You need to call next(); when you get the error. Also it is advisable to use hasNextInt()
catch (Exception e) {
System.out.println("Error!");
input.next();// Move to next other wise exception
}
Before reading integer value you need to make sure scanner has one. And you will not need exception handling like that.
Scanner scanner = new Scanner(System.in);
int n1 = 0, n2 = 0;
boolean bError = true;
while (bError) {
if (scanner.hasNextInt())
n1 = scanner.nextInt();
else {
scanner.next();
continue;
}
if (scanner.hasNextInt())
n2 = scanner.nextInt();
else {
scanner.next();
continue;
}
bError = false;
}
System.out.println(n1);
System.out.println(n2);
Javadoc of Scanner
When a scanner throws an InputMismatchException, the scanner will not pass the token that caused the exception, so that it may be retrieved or skipped via some other method.
YOu can also try the following
do {
try {
System.out.println("Enter first num: ");
n1 = Integer.parseInt(input.next());
System.out.println("Enter second num: ");
n2 = Integer.parseInt(input.next());
nQuotient = n1/n2;
bError = false;
}
catch (Exception e) {
System.out.println("Error!");
input.reset();
}
} while (bError);
another option is to define Scanner input = new Scanner(System.in); inside the try block, this will create a new object each time you need to re-enter the values.
To follow debobroto das's answer you can also put after
input.reset();
input.next();
I had the same problem and when I tried this. It completely fixed it.
As the bError = false statement is never reached in the try block, and the statement is struck to the input taken, it keeps printing the error in infinite loop.
Try using it this way by using hasNextInt()
catch (Exception e) {
System.out.println("Error!");
input.hasNextInt();
}
Or try using nextLine() coupled with Integer.parseInt() for taking input....
Scanner scan = new Scanner(System.in);
int num1 = Integer.parseInt(scan.nextLine());
int num2 = Integer.parseInt(scan.nextLine());
To complement the AmitD answer:
Just copy/pasted your program and had this output:
Error!
Enter first num:
.... infinite times ....
As you can see, the instruction:
n1 = input.nextInt();
Is continuously throwing the Exception when your double number is entered, and that's because your stream is not cleared. To fix it, follow the AmitD answer.

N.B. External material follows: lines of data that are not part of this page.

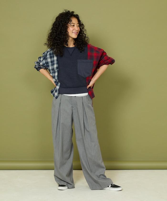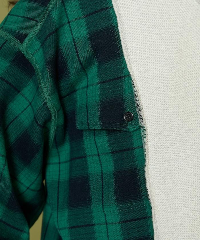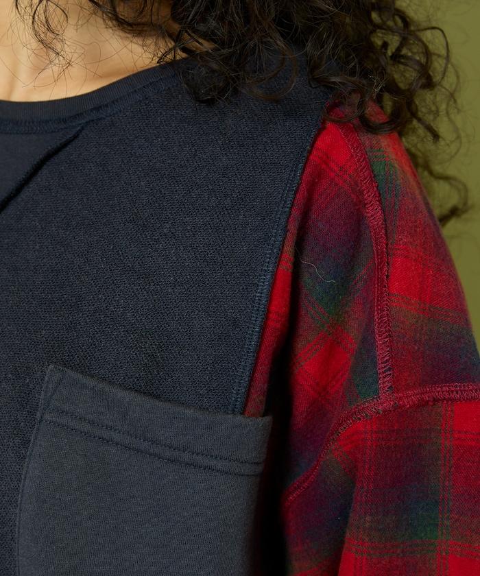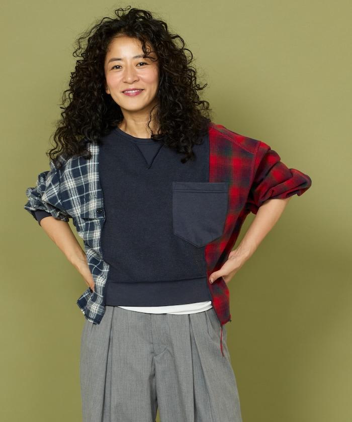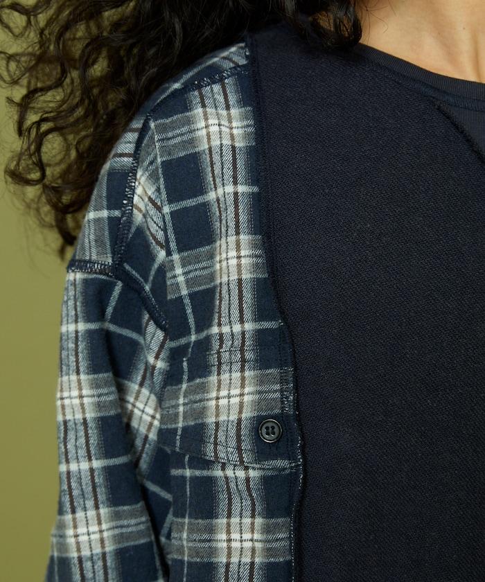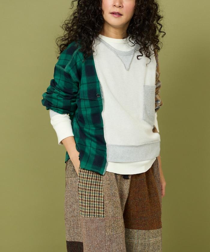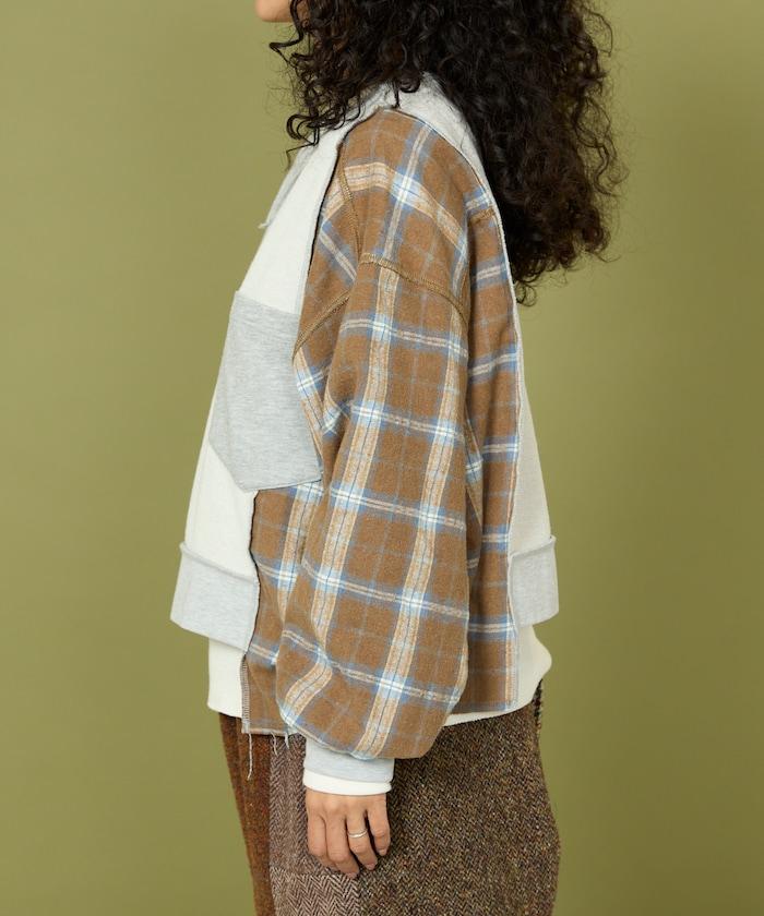 運動衫的正反面、袖口和口袋都保留了原樣,而兩側則結合了復古風格的法蘭絨襯衫。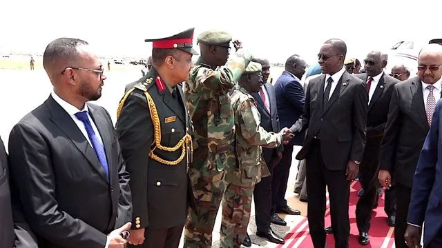 وكان في استقباله لدى وصوله مطار جوبا السيد ضيو مطوك وزير الاستثمار بدولة جنوب السودان، وطاقم السفارة السودانية بجوبا.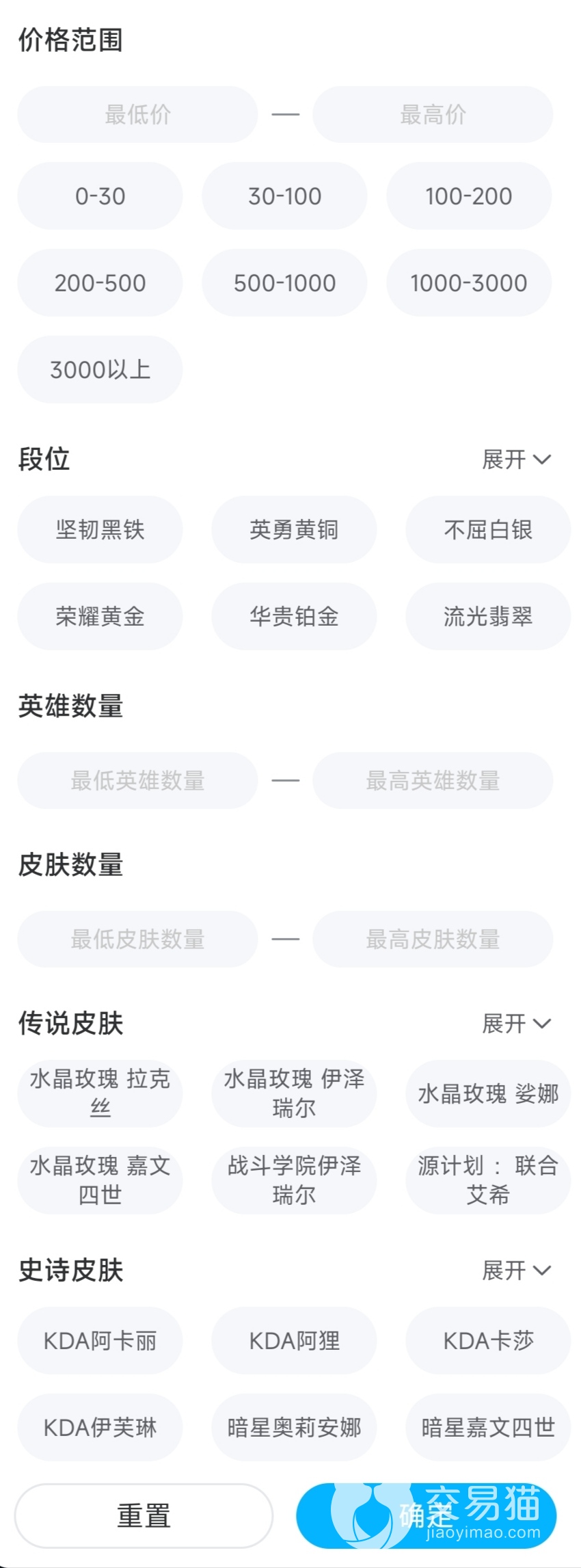 交易猫将不同游戏的订单都划分开来划入该游戏的专区,方便有需求的买家能够第一时间找到专区进行挑选。再者交易猫在专区内有针对此游戏的筛选界面,有定向意愿的消费者可以用筛选功能来快速定位。例如英雄联盟手游的筛选界面就可以选择价格区间、英雄数量、传说皮肤、史诗皮肤等内容,所以想要自己的订单能够快速找到买家,那就一定要把订单详情填写清楚。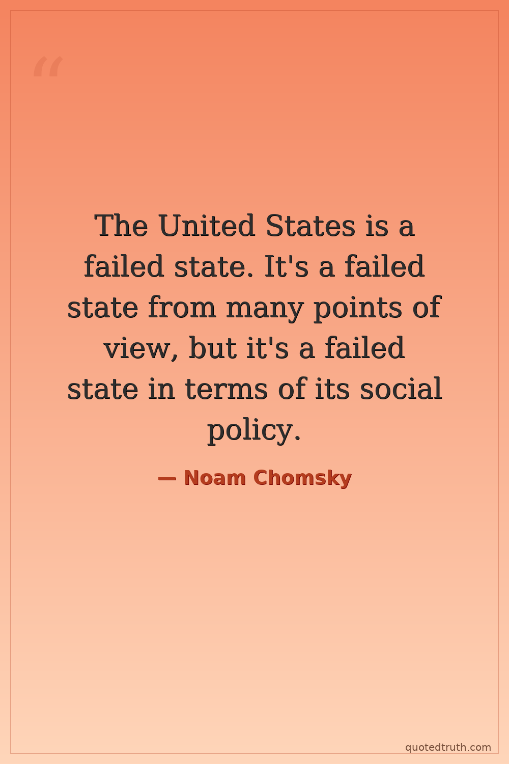 The United States is a failed state. It's a failed state from many points of view, but it's a failed state in terms of its social policy.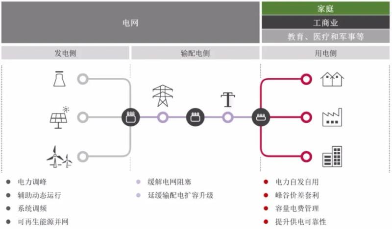 作為平衡整個電力系統(tǒng)供需關(guān)系的設(shè)備和措施,儲能在發(fā)電側(cè)和輸配電側(cè)的本質(zhì)作用是相同的。儲能布設(shè)在哪個階段,主要涉及的是利益分配問題。因此,國外機構(gòu)通常將發(fā)電側(cè)和輸配電側(cè)儲能統(tǒng)一歸類為“電表前端儲能”。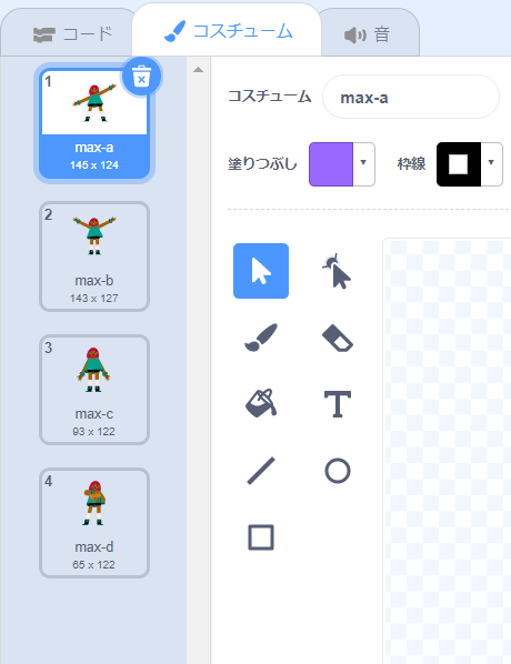 でも、今回のゲームで使えるような、両うでを水平にしたり、頭の上で手を合わせるというポーズのスプライトは見つからない。そこで、「Max」というスプライトを使って、これを変更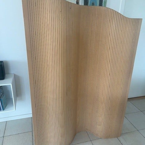 Smuk organisk, skulpturel og dekorativ foldevæg i lameller.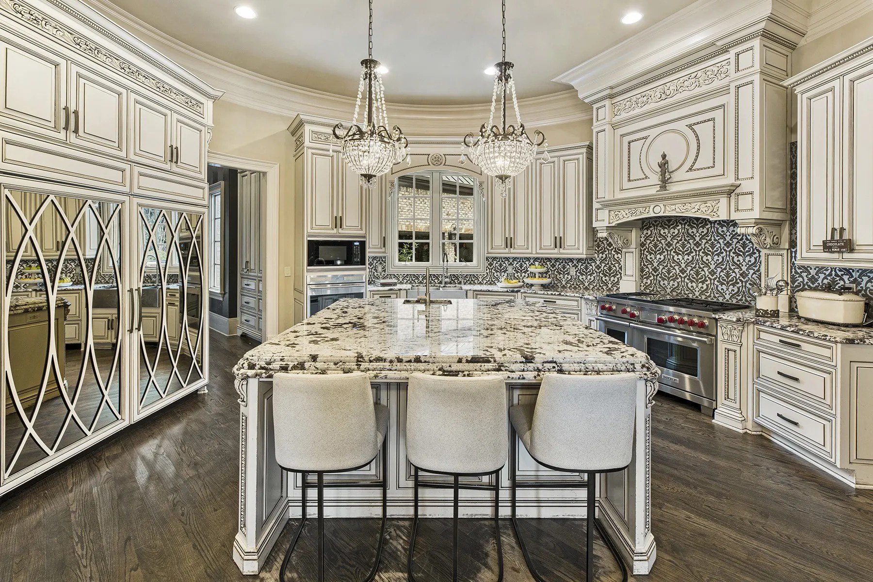A four-bedroom estate surrounded by columns and stunning wraparound covered porch boasts a 7,673-square-foot interior designed for grand-scale entertaining.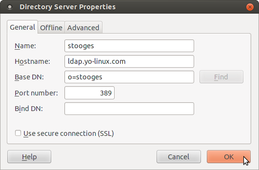 • LDAP Server: 208.188.34.109 or ldap.yolinux.com Using the IP address reduces the number of errors because of the reduced network latency.

#Limp, your answer is right, just use .nextLine() while reading the input. Sample code:
do {
try {
System.out.println("Enter first num: ");
n1 = Integer.parseInt(input.nextLine());
System.out.println("Enter second num: ");
n2 = Integer.parseInt(input.nextLine());
nQuotient = n1 / n2;
bError = false;
} catch (Exception e) {
System.out.println("Error!");
}
} while (bError);
System.out.printf("%d/%d = %d", n1, n2, nQuotient);
Read the description of why this problem was caused in the link below. Look for the answer I posted for the detail in this thread.
Java Homework user input issue
Ok, I will briefly describe it. When you read input using nextInt(), you just read the number part but the ENDLINE character was still on the stream. That was the main cause. Now look at the code above, all I did is read the whole line and parse it , it still throws the exception and work the way you were expecting it to work. Rest of your code works fine.